Exercise material:
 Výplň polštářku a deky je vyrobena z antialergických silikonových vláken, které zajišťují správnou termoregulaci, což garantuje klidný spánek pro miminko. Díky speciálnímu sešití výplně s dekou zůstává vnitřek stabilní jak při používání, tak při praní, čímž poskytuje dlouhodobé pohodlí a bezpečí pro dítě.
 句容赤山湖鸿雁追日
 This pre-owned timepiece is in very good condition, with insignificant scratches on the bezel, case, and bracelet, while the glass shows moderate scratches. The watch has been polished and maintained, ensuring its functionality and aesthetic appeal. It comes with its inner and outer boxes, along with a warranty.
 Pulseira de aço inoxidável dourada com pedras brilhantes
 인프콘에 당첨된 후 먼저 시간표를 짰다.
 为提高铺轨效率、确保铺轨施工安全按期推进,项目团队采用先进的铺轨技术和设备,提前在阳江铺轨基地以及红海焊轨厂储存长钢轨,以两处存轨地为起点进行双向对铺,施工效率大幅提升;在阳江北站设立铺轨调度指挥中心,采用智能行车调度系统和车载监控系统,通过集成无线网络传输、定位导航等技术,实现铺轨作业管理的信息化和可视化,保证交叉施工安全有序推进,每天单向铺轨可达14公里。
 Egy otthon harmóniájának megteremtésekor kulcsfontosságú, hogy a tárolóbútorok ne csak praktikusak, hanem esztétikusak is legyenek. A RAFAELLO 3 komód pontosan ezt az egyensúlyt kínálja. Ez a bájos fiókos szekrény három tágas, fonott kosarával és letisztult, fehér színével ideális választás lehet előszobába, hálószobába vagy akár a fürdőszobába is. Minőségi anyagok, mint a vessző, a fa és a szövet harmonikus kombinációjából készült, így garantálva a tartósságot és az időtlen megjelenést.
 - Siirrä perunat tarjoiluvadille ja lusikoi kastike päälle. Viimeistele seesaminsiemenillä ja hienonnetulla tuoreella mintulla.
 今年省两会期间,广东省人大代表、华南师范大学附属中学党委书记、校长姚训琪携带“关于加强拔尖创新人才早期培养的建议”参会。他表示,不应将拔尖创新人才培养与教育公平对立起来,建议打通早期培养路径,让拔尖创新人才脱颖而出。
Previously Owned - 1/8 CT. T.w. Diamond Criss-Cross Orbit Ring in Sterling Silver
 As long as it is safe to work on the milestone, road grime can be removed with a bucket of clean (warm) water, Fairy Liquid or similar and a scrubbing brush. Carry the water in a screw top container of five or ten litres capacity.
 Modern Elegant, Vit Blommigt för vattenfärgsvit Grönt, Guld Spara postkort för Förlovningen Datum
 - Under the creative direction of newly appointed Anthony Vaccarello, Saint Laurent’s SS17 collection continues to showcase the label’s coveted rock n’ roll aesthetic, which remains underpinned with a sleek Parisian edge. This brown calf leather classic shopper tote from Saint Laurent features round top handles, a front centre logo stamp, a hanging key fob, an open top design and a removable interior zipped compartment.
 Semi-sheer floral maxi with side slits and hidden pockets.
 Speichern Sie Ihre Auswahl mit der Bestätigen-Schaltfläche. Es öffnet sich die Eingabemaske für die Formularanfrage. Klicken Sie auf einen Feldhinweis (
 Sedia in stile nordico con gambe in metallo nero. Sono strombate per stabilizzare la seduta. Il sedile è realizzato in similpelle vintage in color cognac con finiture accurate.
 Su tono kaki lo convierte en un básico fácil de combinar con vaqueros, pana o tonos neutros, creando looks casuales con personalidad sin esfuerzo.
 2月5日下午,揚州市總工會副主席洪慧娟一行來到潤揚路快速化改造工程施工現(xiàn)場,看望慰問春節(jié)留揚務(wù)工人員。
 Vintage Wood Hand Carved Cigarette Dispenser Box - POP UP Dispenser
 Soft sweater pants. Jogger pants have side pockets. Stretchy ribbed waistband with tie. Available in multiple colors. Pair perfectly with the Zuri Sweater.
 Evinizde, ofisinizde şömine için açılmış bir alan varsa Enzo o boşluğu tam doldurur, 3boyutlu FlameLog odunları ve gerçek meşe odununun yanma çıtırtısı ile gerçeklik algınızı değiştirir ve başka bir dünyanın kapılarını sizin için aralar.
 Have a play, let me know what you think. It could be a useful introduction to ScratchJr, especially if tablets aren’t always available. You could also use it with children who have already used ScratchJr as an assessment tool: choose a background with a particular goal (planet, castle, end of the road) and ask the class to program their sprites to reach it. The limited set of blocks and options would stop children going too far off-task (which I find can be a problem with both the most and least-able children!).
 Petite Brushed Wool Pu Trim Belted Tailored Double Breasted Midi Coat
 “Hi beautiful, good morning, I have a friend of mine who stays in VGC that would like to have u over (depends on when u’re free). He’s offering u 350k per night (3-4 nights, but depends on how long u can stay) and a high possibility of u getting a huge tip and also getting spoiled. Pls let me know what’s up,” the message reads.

What is required: Copy the material above, keeping every line exactly as it stands.

Your response:
 Výplň polštářku a deky je vyrobena z antialergických silikonových vláken, které zajišťují správnou termoregulaci, což garantuje klidný spánek pro miminko. Díky speciálnímu sešití výplně s dekou zůstává vnitřek stabilní jak při používání, tak při praní, čímž poskytuje dlouhodobé pohodlí a bezpečí pro dítě.
 句容赤山湖鸿雁追日
 This pre-owned timepiece is in very good condition, with insignificant scratches on the bezel, case, and bracelet, while the glass shows moderate scratches. The watch has been polished and maintained, ensuring its functionality and aesthetic appeal. It comes with its inner and outer boxes, along with a warranty.
 Pulseira de aço inoxidável dourada com pedras brilhantes
 인프콘에 당첨된 후 먼저 시간표를 짰다.
 为提高铺轨效率、确保铺轨施工安全按期推进,项目团队采用先进的铺轨技术和设备,提前在阳江铺轨基地以及红海焊轨厂储存长钢轨,以两处存轨地为起点进行双向对铺,施工效率大幅提升;在阳江北站设立铺轨调度指挥中心,采用智能行车调度系统和车载监控系统,通过集成无线网络传输、定位导航等技术,实现铺轨作业管理的信息化和可视化,保证交叉施工安全有序推进,每天单向铺轨可达14公里。
 Egy otthon harmóniájának megteremtésekor kulcsfontosságú, hogy a tárolóbútorok ne csak praktikusak, hanem esztétikusak is legyenek. A RAFAELLO 3 komód pontosan ezt az egyensúlyt kínálja. Ez a bájos fiókos szekrény három tágas, fonott kosarával és letisztult, fehér színével ideális választás lehet előszobába, hálószobába vagy akár a fürdőszobába is. Minőségi anyagok, mint a vessző, a fa és a szövet harmonikus kombinációjából készült, így garantálva a tartósságot és az időtlen megjelenést.
 - Siirrä perunat tarjoiluvadille ja lusikoi kastike päälle. Viimeistele seesaminsiemenillä ja hienonnetulla tuoreella mintulla.
 今年省两会期间,广东省人大代表、华南师范大学附属中学党委书记、校长姚训琪携带“关于加强拔尖创新人才早期培养的建议”参会。他表示,不应将拔尖创新人才培养与教育公平对立起来,建议打通早期培养路径,让拔尖创新人才脱颖而出。
Previously Owned - 1/8 CT. T.w. Diamond Criss-Cross Orbit Ring in Sterling Silver
 As long as it is safe to work on the milestone, road grime can be removed with a bucket of clean (warm) water, Fairy Liquid or similar and a scrubbing brush. Carry the water in a screw top container of five or ten litres capacity.
 Modern Elegant, Vit Blommigt för vattenfärgsvit Grönt, Guld Spara postkort för Förlovningen Datum
 - Under the creative direction of newly appointed Anthony Vaccarello, Saint Laurent’s SS17 collection continues to showcase the label’s coveted rock n’ roll aesthetic, which remains underpinned with a sleek Parisian edge. This brown calf leather classic shopper tote from Saint Laurent features round top handles, a front centre logo stamp, a hanging key fob, an open top design and a removable interior zipped compartment.
 Semi-sheer floral maxi with side slits and hidden pockets.
 Speichern Sie Ihre Auswahl mit der Bestätigen-Schaltfläche. Es öffnet sich die Eingabemaske für die Formularanfrage. Klicken Sie auf einen Feldhinweis (
 Sedia in stile nordico con gambe in metallo nero. Sono strombate per stabilizzare la seduta. Il sedile è realizzato in similpelle vintage in color cognac con finiture accurate.
 Su tono kaki lo convierte en un básico fácil de combinar con vaqueros, pana o tonos neutros, creando looks casuales con personalidad sin esfuerzo.
 2月5日下午,揚州市總工會副主席洪慧娟一行來到潤揚路快速化改造工程施工現(xiàn)場,看望慰問春節(jié)留揚務(wù)工人員。
 Vintage Wood Hand Carved Cigarette Dispenser Box - POP UP Dispenser
 Soft sweater pants. Jogger pants have side pockets. Stretchy ribbed waistband with tie. Available in multiple colors. Pair perfectly with the Zuri Sweater.
 Evinizde, ofisinizde şömine için açılmış bir alan varsa Enzo o boşluğu tam doldurur, 3boyutlu FlameLog odunları ve gerçek meşe odununun yanma çıtırtısı ile gerçeklik algınızı değiştirir ve başka bir dünyanın kapılarını sizin için aralar.
 Have a play, let me know what you think. It could be a useful introduction to ScratchJr, especially if tablets aren’t always available. You could also use it with children who have already used ScratchJr as an assessment tool: choose a background with a particular goal (planet, castle, end of the road) and ask the class to program their sprites to reach it. The limited set of blocks and options would stop children going too far off-task (which I find can be a problem with both the most and least-able children!).
 Petite Brushed Wool Pu Trim Belted Tailored Double Breasted Midi Coat
 “Hi beautiful, good morning, I have a friend of mine who stays in VGC that would like to have u over (depends on when u’re free). He’s offering u 350k per night (3-4 nights, but depends on how long u can stay) and a high possibility of u getting a huge tip and also getting spoiled. Pls let me know what’s up,” the message reads.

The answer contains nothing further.